_Material to process_
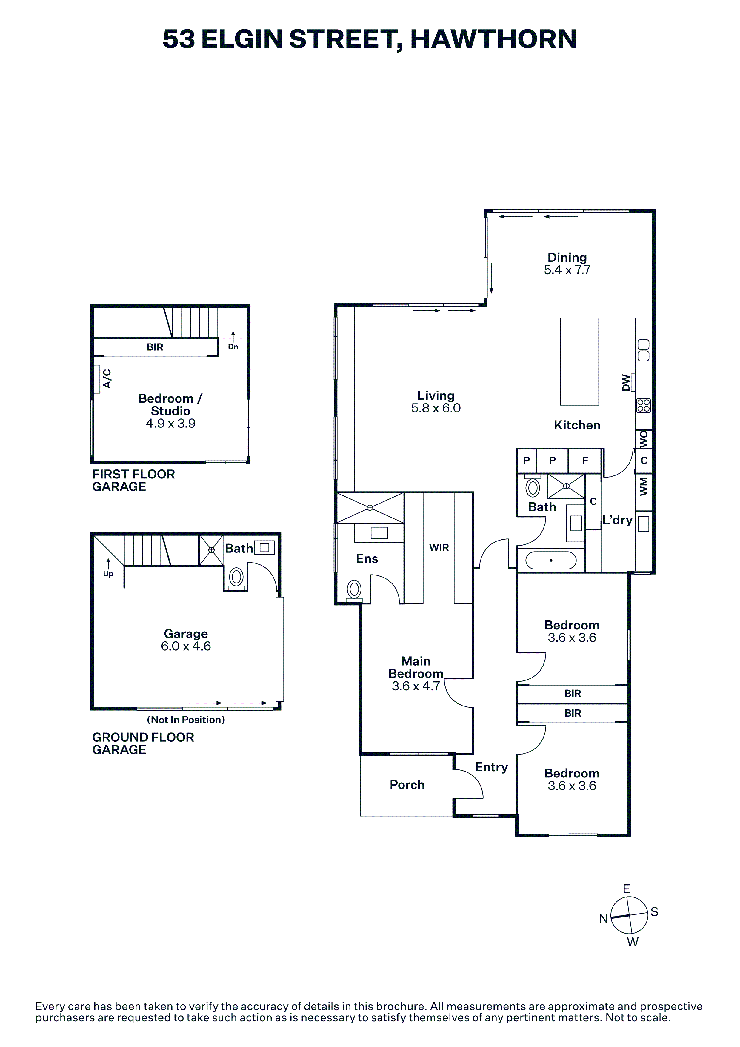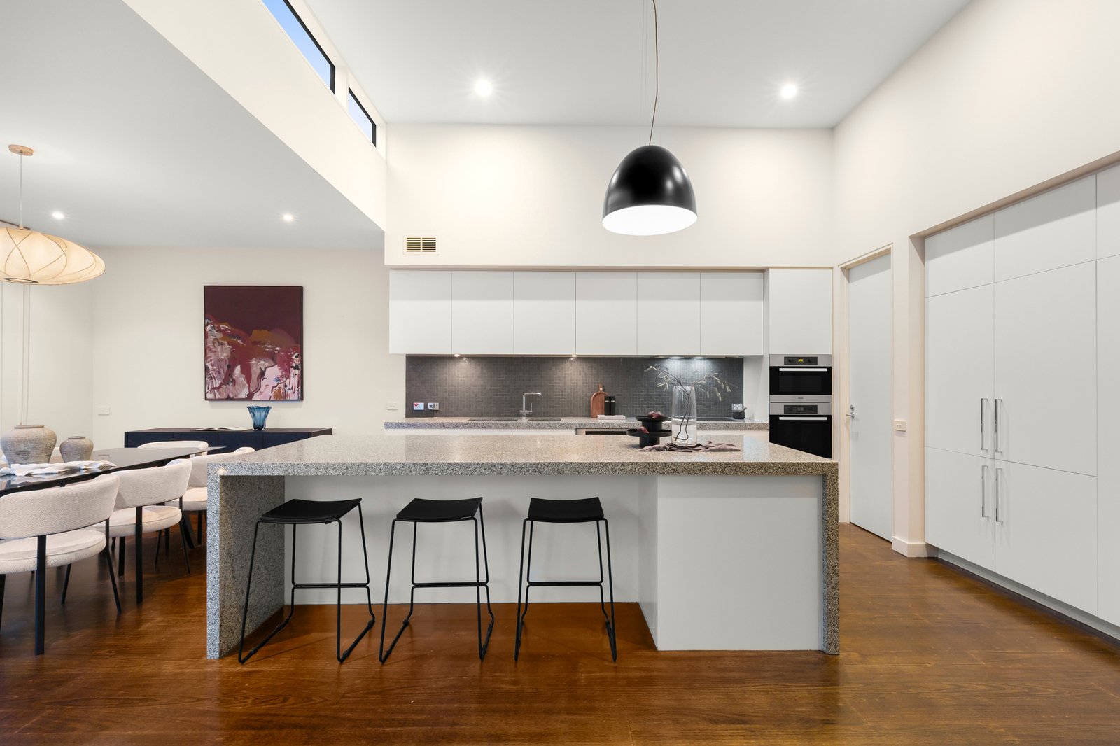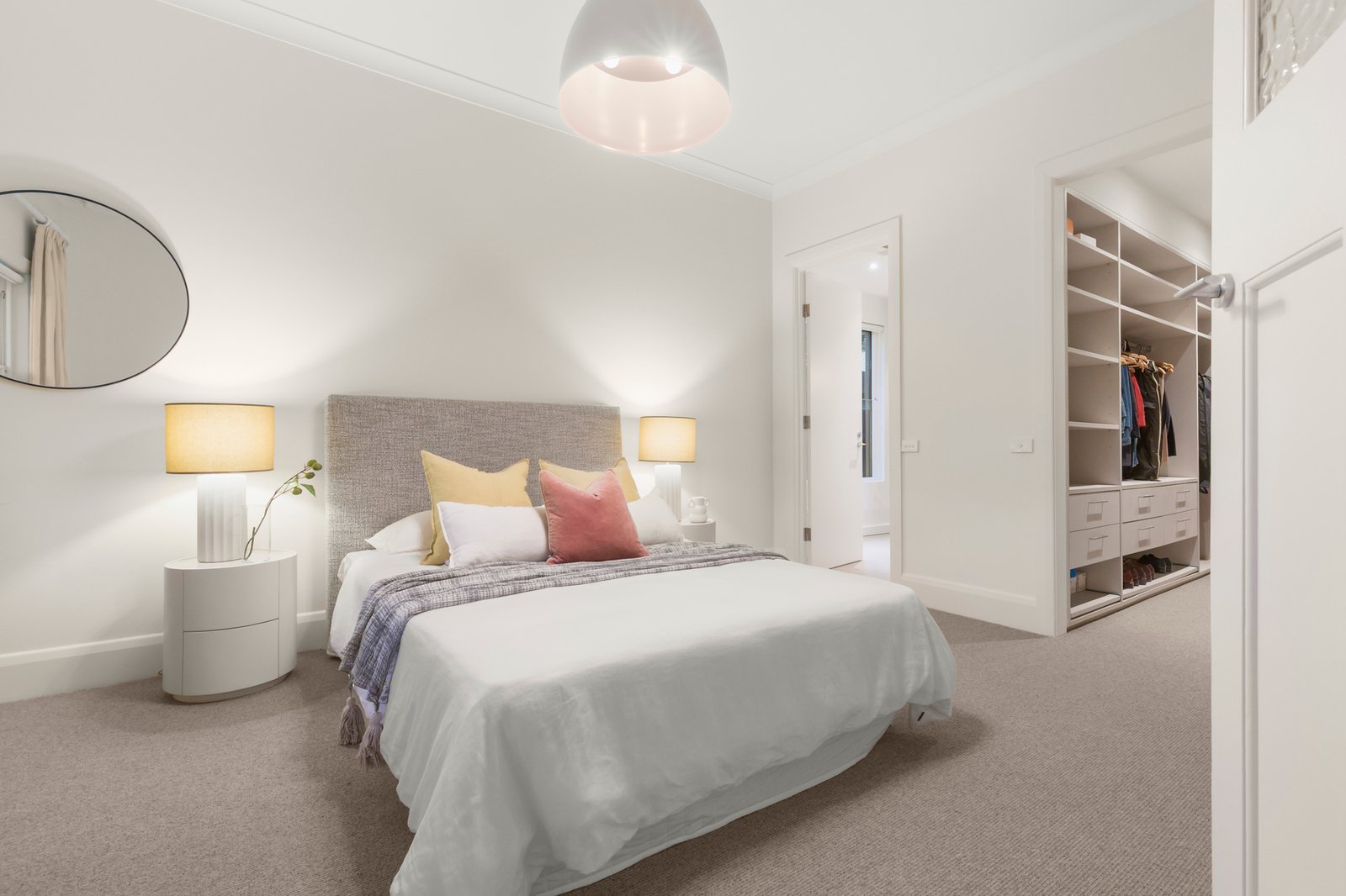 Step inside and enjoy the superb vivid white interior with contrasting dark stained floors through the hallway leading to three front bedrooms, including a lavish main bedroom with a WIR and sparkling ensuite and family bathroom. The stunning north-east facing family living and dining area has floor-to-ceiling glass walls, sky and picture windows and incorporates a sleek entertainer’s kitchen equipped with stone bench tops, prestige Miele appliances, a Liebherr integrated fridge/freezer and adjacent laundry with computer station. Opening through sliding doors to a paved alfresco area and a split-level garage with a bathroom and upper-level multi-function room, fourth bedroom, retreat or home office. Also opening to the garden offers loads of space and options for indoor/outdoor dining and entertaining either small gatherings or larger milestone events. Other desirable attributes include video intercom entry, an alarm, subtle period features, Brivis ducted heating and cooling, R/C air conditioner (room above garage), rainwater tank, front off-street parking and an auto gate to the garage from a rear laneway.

* * *

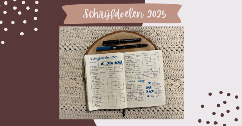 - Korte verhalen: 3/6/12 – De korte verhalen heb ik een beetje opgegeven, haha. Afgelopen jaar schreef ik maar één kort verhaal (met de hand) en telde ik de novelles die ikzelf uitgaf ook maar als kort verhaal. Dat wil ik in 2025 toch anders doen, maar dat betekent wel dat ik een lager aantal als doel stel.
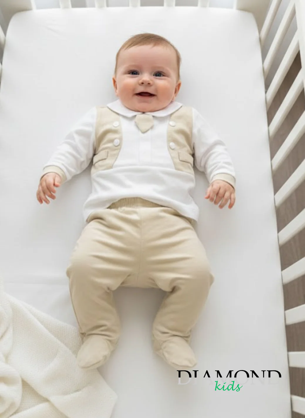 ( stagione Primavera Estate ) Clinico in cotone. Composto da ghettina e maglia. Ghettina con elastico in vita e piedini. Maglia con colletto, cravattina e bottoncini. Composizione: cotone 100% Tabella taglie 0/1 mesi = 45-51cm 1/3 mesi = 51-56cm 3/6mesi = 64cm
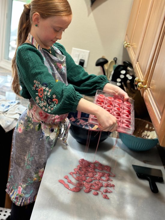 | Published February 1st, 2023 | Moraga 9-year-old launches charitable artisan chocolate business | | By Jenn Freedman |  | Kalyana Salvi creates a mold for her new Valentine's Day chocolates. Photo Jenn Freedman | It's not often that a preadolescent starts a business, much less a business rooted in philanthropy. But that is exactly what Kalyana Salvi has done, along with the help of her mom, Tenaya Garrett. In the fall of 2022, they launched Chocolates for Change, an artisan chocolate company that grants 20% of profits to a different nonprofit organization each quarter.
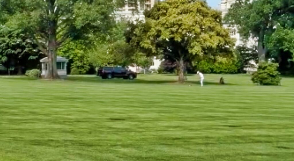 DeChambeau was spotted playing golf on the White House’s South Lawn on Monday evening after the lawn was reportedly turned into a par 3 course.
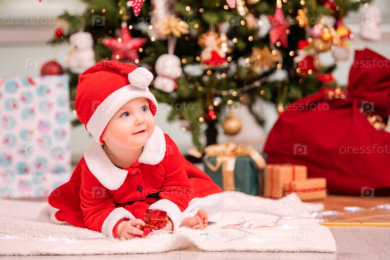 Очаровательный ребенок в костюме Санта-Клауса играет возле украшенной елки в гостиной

* * *

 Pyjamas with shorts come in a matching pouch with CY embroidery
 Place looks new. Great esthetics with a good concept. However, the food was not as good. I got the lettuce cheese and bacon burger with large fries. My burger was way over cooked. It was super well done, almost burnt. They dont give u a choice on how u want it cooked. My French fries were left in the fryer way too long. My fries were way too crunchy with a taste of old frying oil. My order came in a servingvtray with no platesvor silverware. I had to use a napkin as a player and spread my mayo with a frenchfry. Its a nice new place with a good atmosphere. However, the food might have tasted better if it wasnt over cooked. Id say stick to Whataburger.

_Work required_
Since only part of the listing is wanted, copy exactly the lines from the one holding "Pyjamas with shorts" to the one holding "Place looks new.", both included.

_Answer space_
 Pyjamas with shorts come in a matching pouch with CY embroidery
 Place looks new. Great esthetics with a good concept. However, the food was not as good. I got the lettuce cheese and bacon burger with large fries. My burger was way over cooked. It was super well done, almost burnt. They dont give u a choice on how u want it cooked. My French fries were left in the fryer way too long. My fries were way too crunchy with a taste of old frying oil. My order came in a servingvtray with no platesvor silverware. I had to use a napkin as a player and spread my mayo with a frenchfry. Its a nice new place with a good atmosphere. However, the food might have tasted better if it wasnt over cooked. Id say stick to Whataburger.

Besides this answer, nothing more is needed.